In Tony Reinke’s new book, 12 Ways Your Phone Is Changing You, he points out that on average we check our phones about 81,500 times each year or about once every four minutes of our waking lives. Rather than being tools to assist us, phones can become masters that enslave us.
Neuroscientists tell us our phones are actually re-wiring our brains. Technologists point out that smartphones are specifically designed to keep us glued to the screen. Other researchers and social observers note how excessive use of phones is transforming us into distracted people where intimacy in our interpersonal relationships is increasingly suffering. Excessive phone use fills our minds and hearts with digital junk food, impairing our literacy skills as well as our ability to think critically. Distracted drivers are a growing concern in automobile accidents.

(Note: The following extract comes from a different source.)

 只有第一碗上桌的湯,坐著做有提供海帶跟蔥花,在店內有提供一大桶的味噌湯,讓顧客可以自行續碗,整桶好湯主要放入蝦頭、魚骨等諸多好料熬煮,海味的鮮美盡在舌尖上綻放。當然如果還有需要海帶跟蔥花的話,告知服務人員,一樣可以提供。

We must also ponder the damaging effects of excessive phone use as it relates to our spiritual formation and cultivating intimacy with God. If spiritual formation requires an attentive life to Christ and others, a smartphone-driven, distracted life is a real and present danger for any apprentice of Jesus. Transparently, my phone woos me so much that on my day off, I often put it in a drawer out of sight. If I leave my cell phone at home even for a short drive to the grocery store, I feel a kind of panic, like I can’t function without it. How pathetic.

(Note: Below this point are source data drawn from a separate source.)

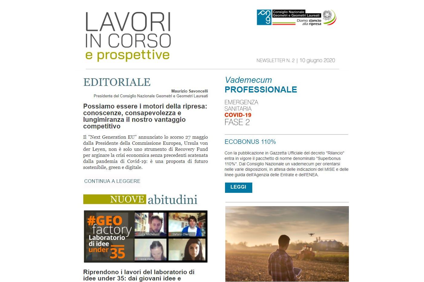 È nelle mail degli iscritti il secondo numero di LAVORI IN CORSO E PROSPETTIVE, la newsletter del Consiglio Nazionale dei Geometri e Geometri Laureati che vuole informare e aggiornare i Geometri sulle iniziative intraprese per la categoria, mettendo a disposizione riflessioni e strumenti di approfondimento. Qui disponibile l’anteprima online
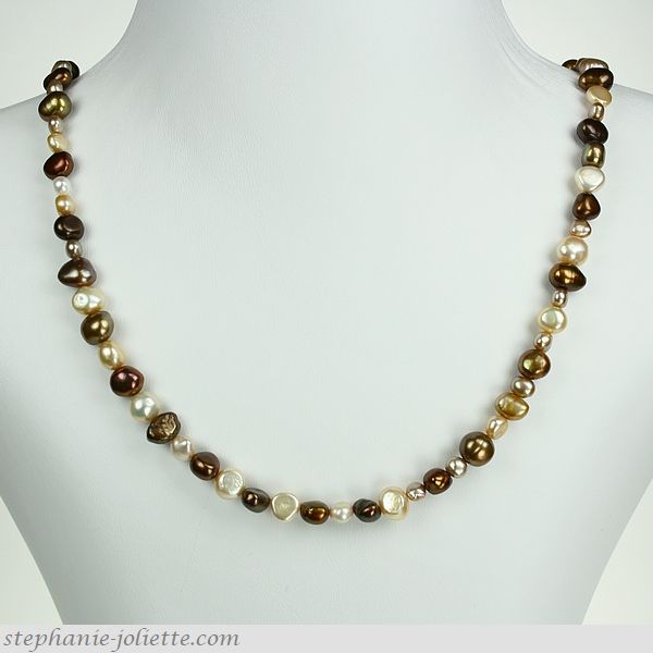 PEBE049-002KDB / Halskette, Süßwasser-Zuchtperlen-Bernstein-Mix, Länge (47 cm) / 49.- €uro
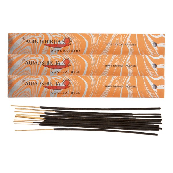- Auroshikha Marbling ~ Holy Sandal ~ A smooth, woody and earthy scent that has strong ties to spirituality and meditation. ***** Now also available as multipacks for a better value *****Incense made by Auroshikha is regarded as some of the finest incense in the world. Auroshikha has captured the light, delicate fragrances of nature, lovingly made at the Sri Aurobindo Ashram in Pondicherry.

I believe it is time for us to become smarter with our smartphones so that we can pursue a more attentive, disciplined, and less distracted life. If you are not being very smart with your smartphone, if your intimacy with God, the wellbeing of your soul and your relationships are suffering as a result, let me suggest a wiser way forward.

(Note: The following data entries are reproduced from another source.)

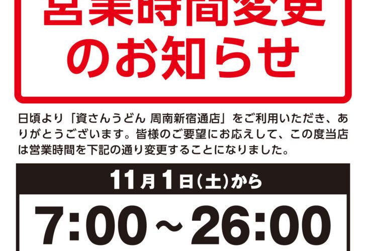 【営業時間変更】11/1(土)7時~周南新宿通店
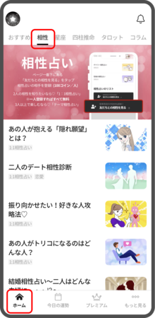 1. アプリ内「ホーム」タブ > 上段「相性」をタップ
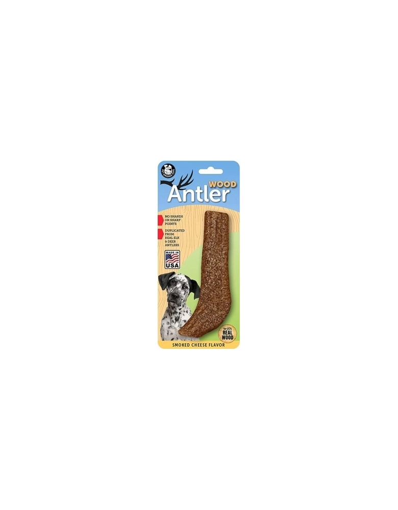 Antler Wood é um brinquedo de roer, fabricado com 100% nylon, madeira de verdade e com sabor de queijo defumado para deixar seu cão estimulado. Como roer é um instinto natural de seu cão, oferecer Antler Wood poderá salvar suas cadeiras, móveis e sapatos. Direcionar o hábito de roer dos cães é muito mais saudável que reprimir. Fabricado com design exclusivo que simula os chifres de alce ou veado. Não tem pontas ou partes que podem machucar.

First, get off your phone. Don’t text when you drive. On a weekly basis, do a several hour phone fast. I assure you the world will go on and you will survive. Not only will you survive, you will thrive. A technology fast is both freeing and enriching.
Second, get alone.One of the most foundational spiritual disciplines is solitude. We live in a very noisy world. Solitude not only nourishes our soul, it also helps us be more attentive to God and His still small voice in our lives.
Third, get in the Word.What is your regular weekly pattern for studying God’s Word? The spiritual discipline of study will fill your heart and mind with life-giving truth and timeless wisdom, not digital junk food of trivial information. Put your phone aside and pick up your Bible. As the Apostle Paul reminds us, “let the word of Christ richly dwell within you.”
Fourth, get outside. Get your eyes off the screen for a while and get them on God’s beautiful creation. Find places and spaces where God’s general revelation of creation can be restorative to your body, mind, and soul. Remember the word recreation comes from re-creation, and a part of Sabbath rest is the restorative nature of nature.
Fifth, get with others. One of the gnawing ironies of our smartphone digital age is that while we have never been more connected, we have never been lonelier. While we may have a ton of Facebook friends, we have too few face-to-face friends. Incarnated relationships formed and nurtured in real time and space are a vital component of human and societal flourishing. Embrace the spiritual discipline of community. Spend regular times eating together as a family and keep your phones away from the table. Join a small group that meets regularly and attend worship services each Sunday.
Let’s be grateful for our smartphones, but let’s also get smarter in managing them. If you are looking for a good resource to read, I suggest Tony Reinke’s 12 Ways Your Phone Is Changing You. It is my heartfelt prayer that we live lives characterized not by distractedness, but rather attentiveness to Christ, to others, and to our own hearts.